Compared with GB/T 23749-2009, the main deviations in this Standard are as
follows.
- changed the standard name as “National Food Safety Standard -
Determination of sodium copper chlorophyll in foodstuffs”;
- modified the measuring wavelength of GB/T 23749-2009;
- modified the measuring steps of GB/T 23749-2009.
National Food Safety Standard - Determination of
sodium copper chlorophyll in foodstuffs
1 Scope
This Standard specifies the determination methods for sodium copper
chlorophyll in fruit and vegetable juice (pulp) drinks, carbonated drinks, flavored
drinks, blended wine, candies, canned food.
This Standard is applicable to the determination of sodium copper chlorophyll
in fruit and vegetable juice (pulp) drinks, carbonated drinks, flavored drinks,
blended wine, candies, canned food.
2 Principle
Sodium copper chlorophyll in the specimen, under acidic conditions, is
absorbed by polyamide powder, is eluted by desorption solution, is determined
by spectrophotometer, is quantified by the standard curve method.
3 Reagents and materials
Unless otherwise stated, the reagents used in this method are of analytically
pure; the water is grade three water specified in GB/T 6682.

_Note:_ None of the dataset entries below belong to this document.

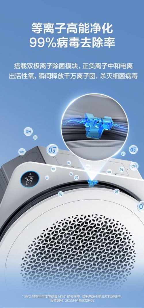 在技術層面,小藍翼天花機延續了小藍翼系列標志性的AI健康技術優勢,并實現與天花機產品特性的深度融合。該產品搭載雙極離子除菌模塊,正負離子中和電離出活性氧,瞬間釋放千萬離子團,可實現99.9%的病毒去除率,從源頭保障室內空氣健康,為用戶打造一個清新、安全的室內環境。
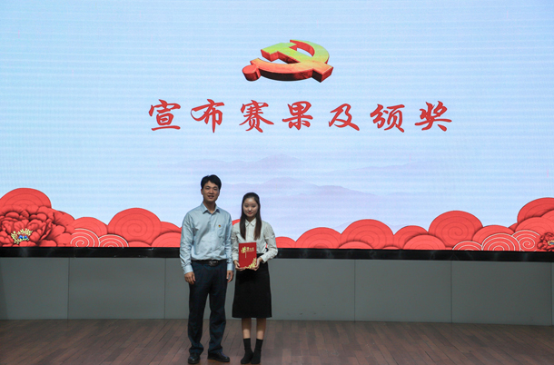 最终,中歌艺术学院马艺荧同学获得一等奖,食品科技学院常夏莘、法政学院郑冰雪两位同学获得二等奖,陈卓、刘雅楠、刘健、张嘉晴三位同学获得三等奖,林彩琼、黄志明、李彬彬、何滢池、赖巧槟五位同学获得优秀奖。现场领导嘉宾为获奖的同学们进行了颁奖。
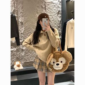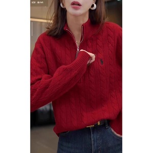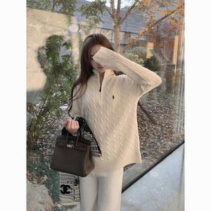 麻花刺绣半拉链毛衣女2025春秋冬小众软糯高级感针织衫慵懒风上衣
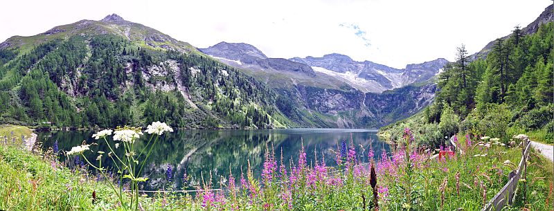 Panorama des Unteren Rotgüldensees, von der Rotgüldenseehütte aus gesehen. Hierher oder ins Bild klicken für eine größere Darstellung.
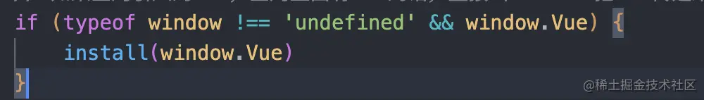 - 判断是否直接引入文件,如果是,就不用调用Vue.use()。如果全局引入的vue,全局里面有vue的话,直接叫install把vue传进来,直接全局注册好这些组件!
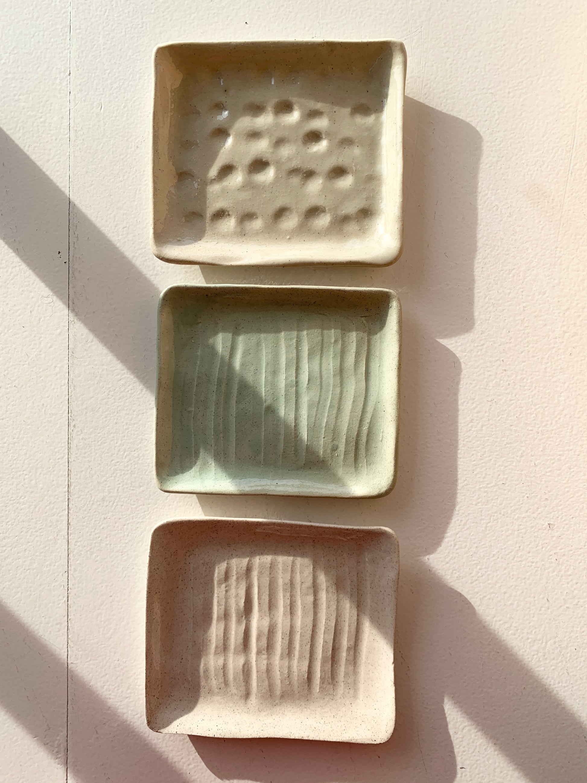 Melanie Drewery makes all of her pottery in Ruby Bay, Nelson. Please note: each piece is a little different due to the individual handmade nature so please use these photos as examples of the various colours and iterations that may be available. Contact us to find out more about the soap dishes currently in store.
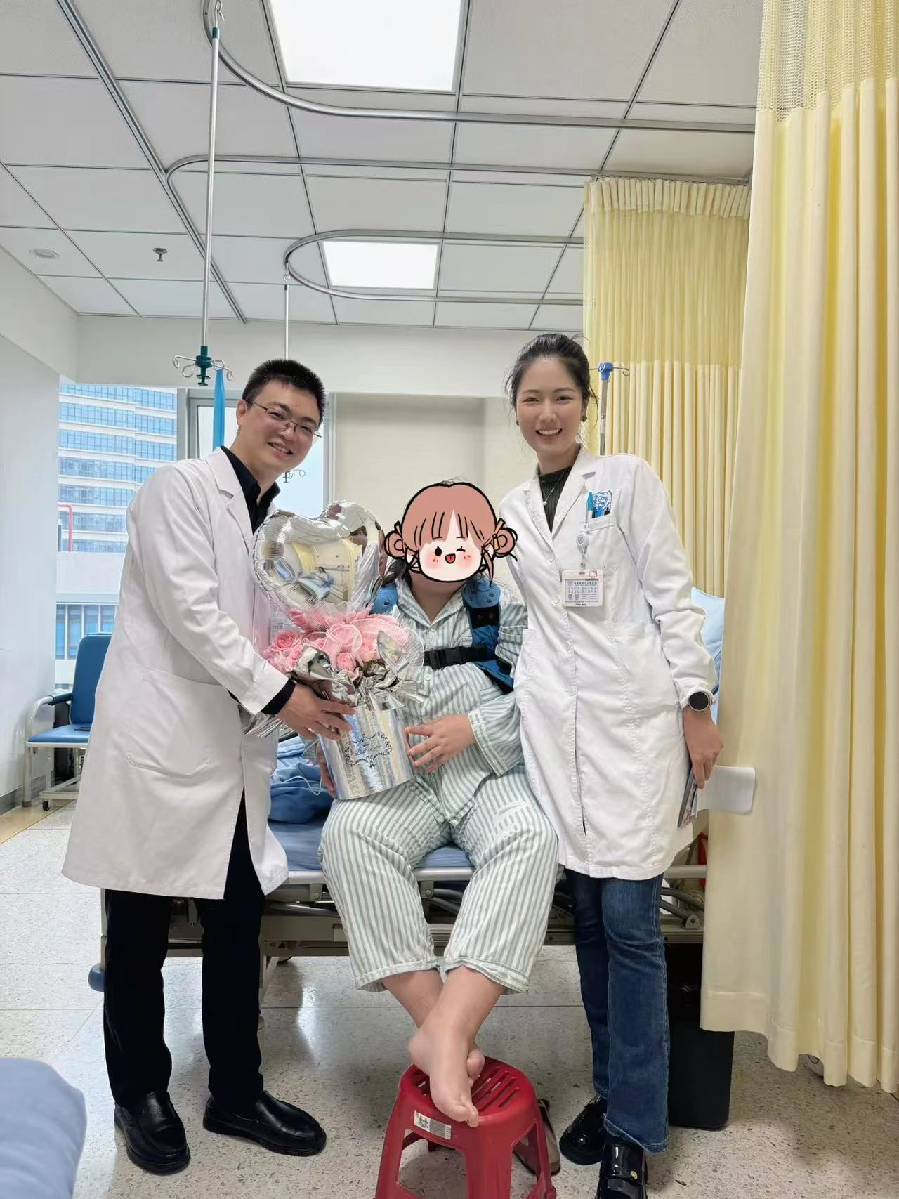 “手术是我们为胖友重塑健康的方式,但更重要的是在这重要的时刻让胖友感受到我们的温暖和支持。”杨医生说。为了让这份心意更具仪式感,第二天查房时,杨华武医生带领团队,手捧鲜花,亲自为患者送上了生日祝福,象征着他们对患者健康与幸福的美好祝愿。
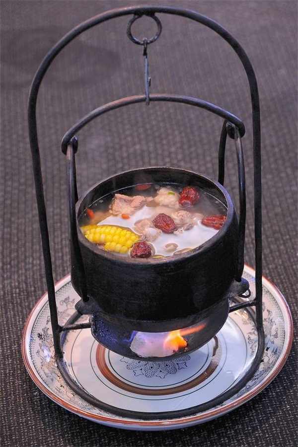 除食材講究外,輔料以川穹、細辛、伸筋草等藥入湯,弧形罐底和柴火的旺盛,使得食物受熱立體化,,肉熟透而不爛,色麥黃而不偏(
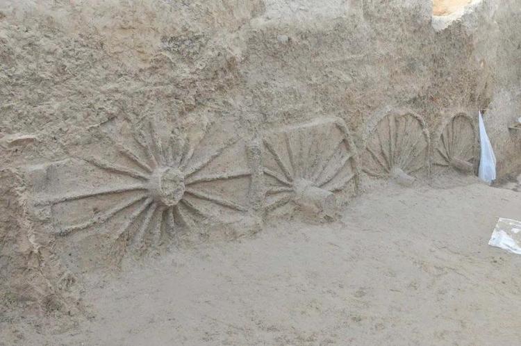 ▲M39墓道殉车西侧车轮放置情况。

3.1 Reagents and materials
3.1.1 Sodium hydroxide.
3.1.2 Ammonium acetate.
3.1.3 Methanol.
3.1.4 Glacial acetic acid.
3.1.5 Polyamide powder. particle size of 0.150mm ~ 0.180mm.
3.2 Reagent preparation
3.2.1 Sodium hydroxide solution (4 mol/L). weigh 16.0 g of sodium hydroxide,
use water to dissolve and set volume to 100 mL.
3.2.2 Sodium hydroxide solution (0.1 mol/L). weigh 0.40 g of sodium hydroxide,
use water to dissolve and set volume to 100 mL.

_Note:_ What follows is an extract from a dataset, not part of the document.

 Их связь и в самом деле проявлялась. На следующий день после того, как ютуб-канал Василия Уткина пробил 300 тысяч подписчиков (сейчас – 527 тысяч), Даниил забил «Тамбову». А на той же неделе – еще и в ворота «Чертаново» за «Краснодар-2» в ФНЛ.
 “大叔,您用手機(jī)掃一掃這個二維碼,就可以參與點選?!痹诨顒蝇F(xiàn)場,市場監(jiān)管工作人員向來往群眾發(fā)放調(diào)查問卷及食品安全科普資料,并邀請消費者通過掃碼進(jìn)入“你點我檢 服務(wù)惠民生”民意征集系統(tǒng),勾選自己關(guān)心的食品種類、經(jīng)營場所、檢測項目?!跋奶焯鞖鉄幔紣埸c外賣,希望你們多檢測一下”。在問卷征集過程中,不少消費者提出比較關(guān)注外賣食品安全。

3.2.3 Ammonium acetate buffer solution (0.2 mol/L). weigh 7.708 g of
ammonium acetate, use water to dissolve and set volume to 500 mL.
3.2.4 Desorption solution. 0.1 mol/L sodium hydroxide solution + methanol =
1+10 (volume ratio).
3.3 Standard product
Sodium copper chlorophyll, content ≥99.0%.

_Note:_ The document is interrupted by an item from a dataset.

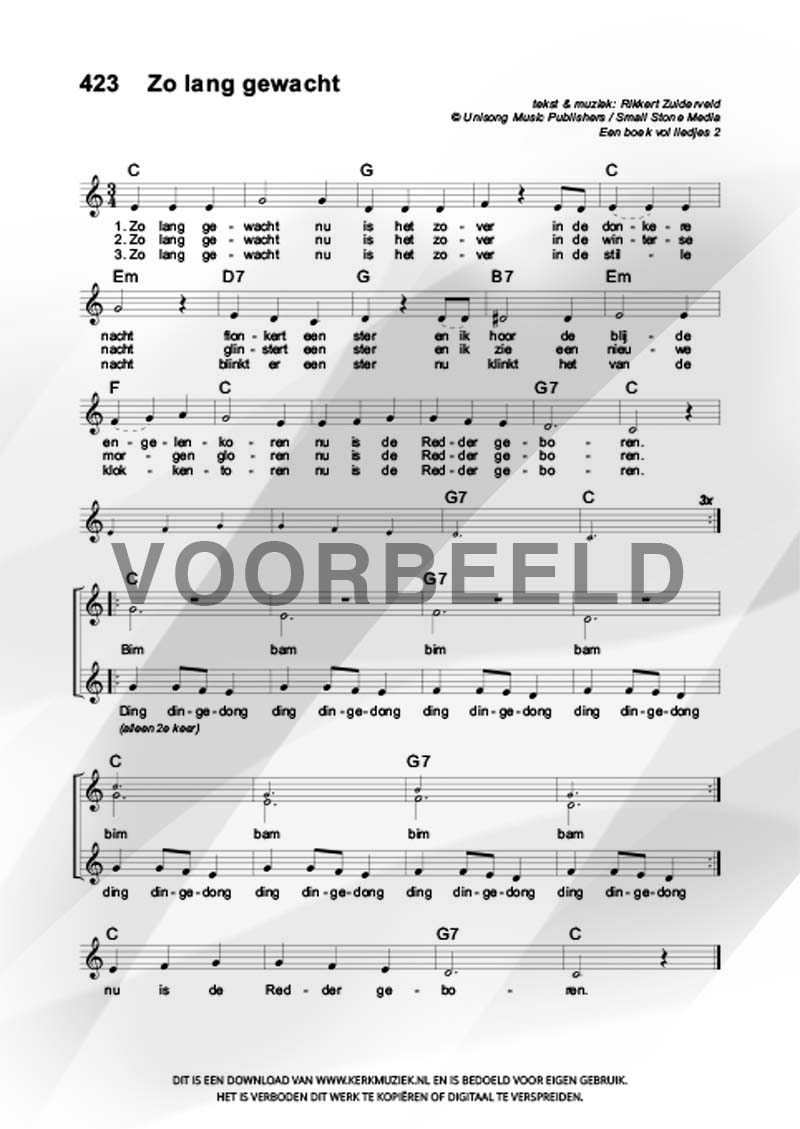 LET OP: U dient ZELF de liedbestanden te downloaden en af te drukken. Wij sturen u dus géén bladmuziek per post toe! U kunt na een geslaagde betaling direct zelf aan de slag.
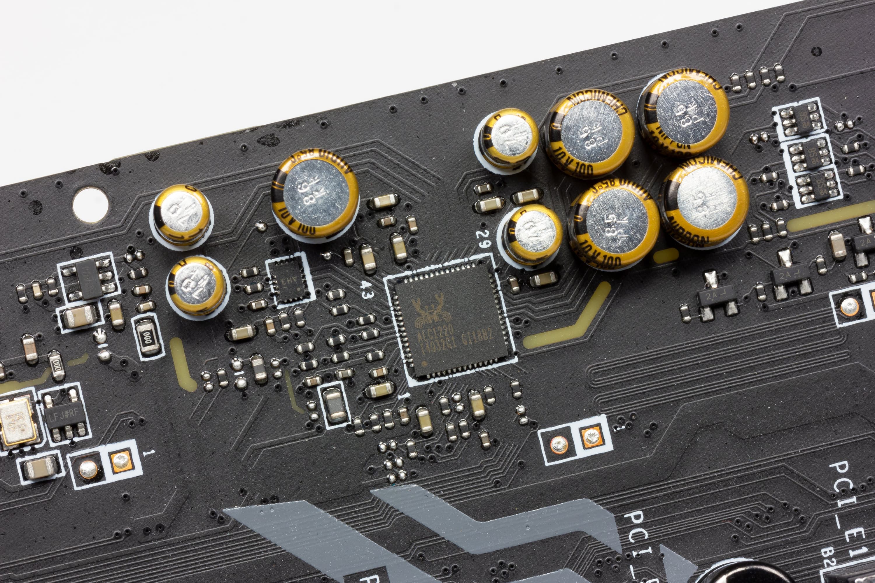 Как и практически во всех современных материнских платах, звуком заведует аудиокодек Realtek ALC1220. Он обеспечивает вывод звука по схемам до 7.1.

3.4 Preparation of standard solution
3.4.1 Standard stock solution
Accurately weigh 0.0500 g of sodium copper chlorophyll standard product that
has been dried at 105°C ± 1°C to constant weight and is converted to 100%
mass by its purity. Use water to dissolve and set volume to a 100mL brown
volumetric flask. The concentration of this solution is 500 μg/mL. Prepare it at
the same day when use it. Store it from light.
3.4.2 Standard working solution
Accurately pipette 10 mL of 500 μg/mL standard solution to a 100mL beaker.
Add 30 mL of 0.2 mol/L ammonium acetate solution. Use 4 mol/L sodium
hydroxide solution and glacial acetic acid to adjust pH 5 ~ 6. Add into 3.0 g of
polyamide powder. Completely stir 2min. Place it still from light 5min. Use about
20 mL of distilled water to transfer into G3 sand core funnel for suction-filtration.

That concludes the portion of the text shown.